From determining the value of virtual reality technology in autism intervention to examining language policy in Ghanaian schools to studying excitation models of interval-counting neurons, undergraduate students at Florida State University presented a wide variety of impressive research at the 2019 President’s Showcase of Undergraduate Research Excellence.
The annual showcase, which took place Tuesday, Oct. 1, at the Augustus B. Turnbull III Florida State Conference Center, is a culmination of the summer research and creative work undertaken by IDEA Grant, Tech Fellow and iGEM award recipients under the mentorship of some of FSU’s most distinguished faculty.
“Our students are doing groundbreaking work in partnership with our talented faculty that pushes their disciplines further,” said President John Thrasher. “The undergraduate research experience helps students become more critical and capable thinkers who are able to identify problems and find ways to solve them.”

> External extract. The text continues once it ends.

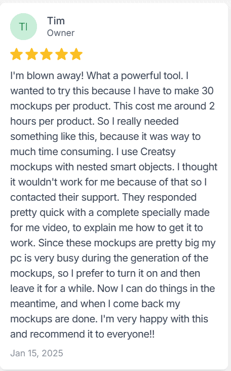 “Using Bulk Mockup has saved me so much time and headaches. Just click, sit back and watch Bulk Mockup generated mockups that would have taken hours in just seconds! Simple to use and the customization option for file naming also helps me stay organized. Customer support is excellent! Responses are quick and well explained. So glad I found this plug-in, highly recommend!” – Sinead Donnegan

IDEA grants fund research, creative projects and the development or evaluation of new or existing ideas. The Tech Fellows program seeks to expose students to the everyday work of product development, entrepreneurship and ecosystem building. FSU’s International Genetically Engineered Machines (FSU iGEM) program provides students from all majors an undergraduate research experience focused on innovation and team-based science and engineering.
“This isn’t undergraduate research; this is undergraduate students doing research,” said Karen Laughlin, dean of Undergraduate Studies at FSU.
Elias Larralde, a junior history major, received an IDEA grant to fund his project, “Melodies of Mirages: Exoticism, Folklore, and ‘performing’ Santeria.” His research examined how the commodification and folklorization of the religious music of Santeria affected practitioners and Afro-Cuban musicians starting in the 1950s and up until the present day.
“I found that both revolutionary government propaganda and American entertainment were affecting how both practitioners and Afro-Cuban musicians saw themselves and how they could portray their religion,” Larralde said.
Using this research as a springboard for his honors thesis next semester, the experience of participating in undergraduate research helped Larralde find his place in academia.
“It prompted me to think more about my place in academia and that my thoughts are valid,” said Larralde. “When you get undergraduates to help with research and do their own, they start doing the groundwork to see what they really like, and that makes it easier for them to find their niche in the academic community.”
Senior history major Keara Sebold explored how institutions of higher education influenced youth culture through civil and political activism, racial prejudice and the development of female sexuality through her project, “Female Higher Education in the 1920’s: A Comparative Study of the Florida State College for Women and Radcliffe College.”
“I found that while the girls at the Florida State College for Women were doing similar things academically to the women at Radcliffe, they were very much restricted on how they interacted with people of the other gender, and they had almost no interaction with people of different races,” Sebold said. “It was interesting to see how the two schools grew parallel to each other, but so differently.”
Sebold said the opportunity to travel to Boston and conduct archival research through her IDEA Grant was one of the most beneficial components to her FSU experience.
“I met a lot of faculty and got an internship through this,” Sebold said. “My entire experience at FSU has been shaped by the research I’ve been doing. It’s important for everyone to get involved and make the most out of FSU.”
Jessica Dixon, a senior studying neuroscience in the College of Arts and Sciences, researched the unknown changes in brain function that underlie spatial reorientation impairment in mice with Alzheimer’s Disease.
“I looked at the connection between navigation and activity in the CA1 region in the hippocampus, because it’s associated with the ability to navigate,” Dixon said. “I found that there’s a marginally significant correlation between hyperactivity in this region and Alzheimer’s Disease, which is not what I had originally expected.”
The experience gave Dixon ideas for future research and how to expand the scope of this particular project. It also solidified her decision to pursue research as a career.
“Getting involved in undergraduate research really helps you decide what you want to do,” Dixon said. “I want to work with translational neuroscience, and this allows me to work in the field before I even become a professional. It basically confirmed what I want to do.”
Applications for next year’s grants are due Feb. 1, 2020, and are available at cre.fsu.edu.